Pelotas, a Capital Nacional do Doce


Rota: Porto Alegre / Guaíba / Camaquã / Pelotas / Camaquã / Guaíba / Porto Alegre

Distância percorrida: 520 km

Satolep
Noite
No meio de uma guerra civil
O luar na janela
Não deixava a baronesa dormir
A voz da voz de Caruso
Ecoava no teatro vazio
Aqui nessa hora é que ele nasceu
Segundo o que contaram pra mim

Joquim, versão de Vitor Ramil* para a música Joey (Levy/Dylan)

Duzentos e cinquenta quilômetros separam, via BR-116 (além de um pequeno trecho de BR-290), Porto Alegre de Pelotas, cidade localizada na metade sul do Rio Grande do Sul. Como este é o caminho das mercadorias que chegam ou saem através do porto de Rio Grande, é preciso redobrar os cuidados: na volta do 11º Moto Lagoa, fui convidado a conhecer o acostamento por um caminhão que vinha em sentido contrário na minha pista. Curiosamente, fui convidado novamente – desta vez por um ônibus, que gentilmente deu sinal de luz – a visitar meu velho amigo acostamento na volta de Pelotas.
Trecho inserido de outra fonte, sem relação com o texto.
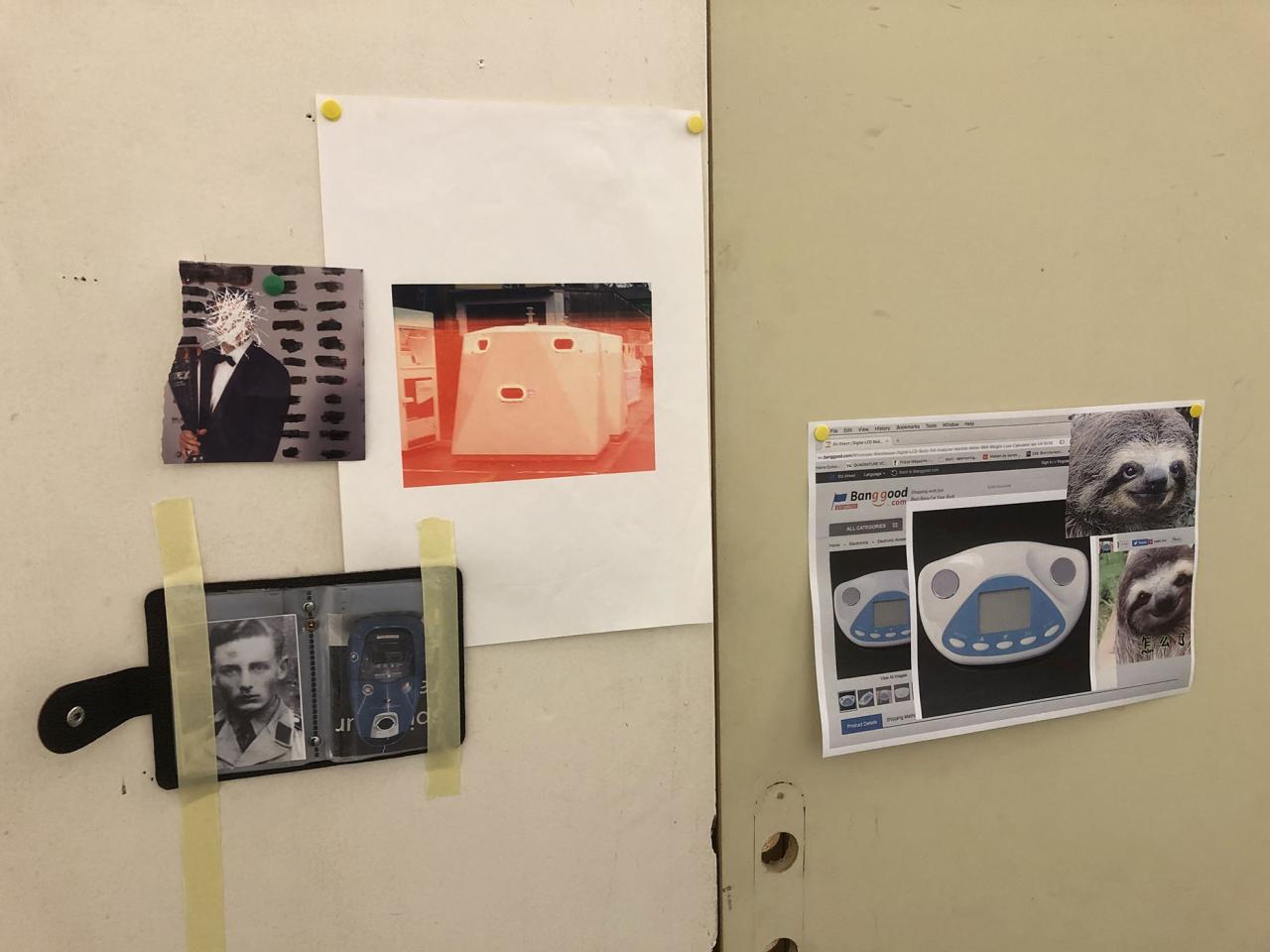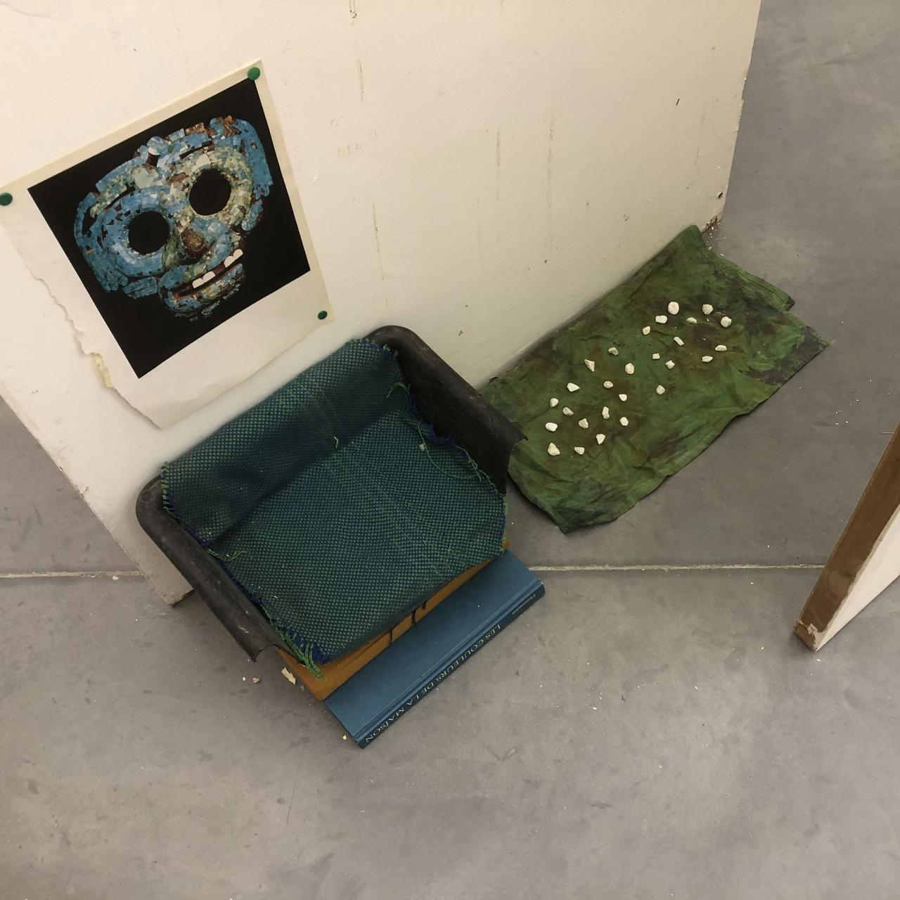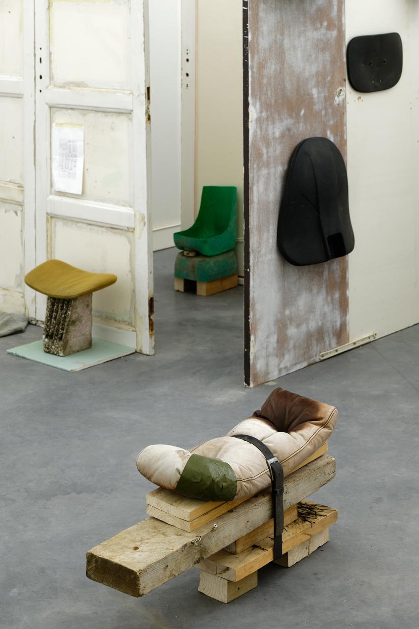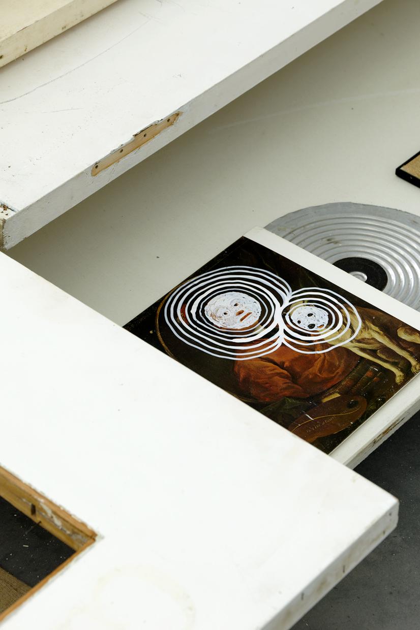 Folded in half on the floor, a scratchy cream bath towel serves as a plinth for a series of ice scrapers. Carefully arranged, the varied shapes evoke a new kind of hieroglyphs. Immediately beside this strange convergence of uses—bodily hygiene and automotive visibility—a modest collection of flat screwcaps are strewn on the ground like forgotten coins, with their deliciously antiquated gilded halo. Compelling in its nonchalance, this detail of the assemblage appears amidst a succession of doors, windows, and partitions that create alcoves, corridors, thresholds, and such. The makeshift architectural forms give a certain rhythm to our transit through this space, a hybrid between the ruins of a soviet building and an ikea display: the Swedish brand’s central concept is to give the illusion of multiple choices for the interior of the same house. Francesco Finizio calls these multiple entry signals that punctuate his labyrinthine installation Go Ghost ! (2021) at Frac Bretagne “punch lines,” witticisms or Freudian slips dictated not by the interplay of language but by the objects themselves.

Erguida às margens do Canal São Gonçalo (que liga as lagoas dos Patos e Mirim), Pelotas é uma das maiores cidades do Rio Grande do Sul – com mais de 300 mil habitantes – e teve papel destacado na história do estado em função da produção de charque, produto que gerou riqueza em meados do século XVIII. A arquitetura da cidade, com clara influência portuguesa (por conta de sua colonização), também foi favorecida pelos recursos abundantes que as charqueadas movimentavam. Atualmente, a economia da cidade está baseada no agronegócio e no comércio.

A imagem da Pelotas que eu tinha na memória era de uma cidade muito grande, cosmopolita, de prédios imponentes e rebuscados: ainda criança, morei naquela região e me deslocava para lá com meus pais para fazer compras ou simplesmente passear. De volta à cidade, visitei lugares conhecidos (como o Chafariz do Calçadão, ponto obrigatório de parada da minha família no início da década de 1980) e confirmei minhas expectativas sobre a beleza da Freguesia de São Francisco de Paula. Convém lembrar que Pelotas é a Capital Nacional do Doce: passando por lá, não esqueça de visitar uma (ou várias) das muitas confeitarias da cidade.

Mais informações:

Chafariz do Calçadão

Fachada da Escola Eliseu Maciel

Catedral do Redentor (Igreja Cabeluda)

Mercado Público de Pelotas

Biblioteca Municipal de Pelotas

Prefeitura Municipal de Pelotas

*Citação do site do Vitor Ramil: “Na passagem dos anos 80 para os 90, Vitor afastou-se dos estúdios e passou a dedicar-se ao palco, pois quase não fizera shows até então. Foi quando nasceu o personagem Barão de Satolep, um nobre pelotense pálido e corcunda, alter-ego do artista.”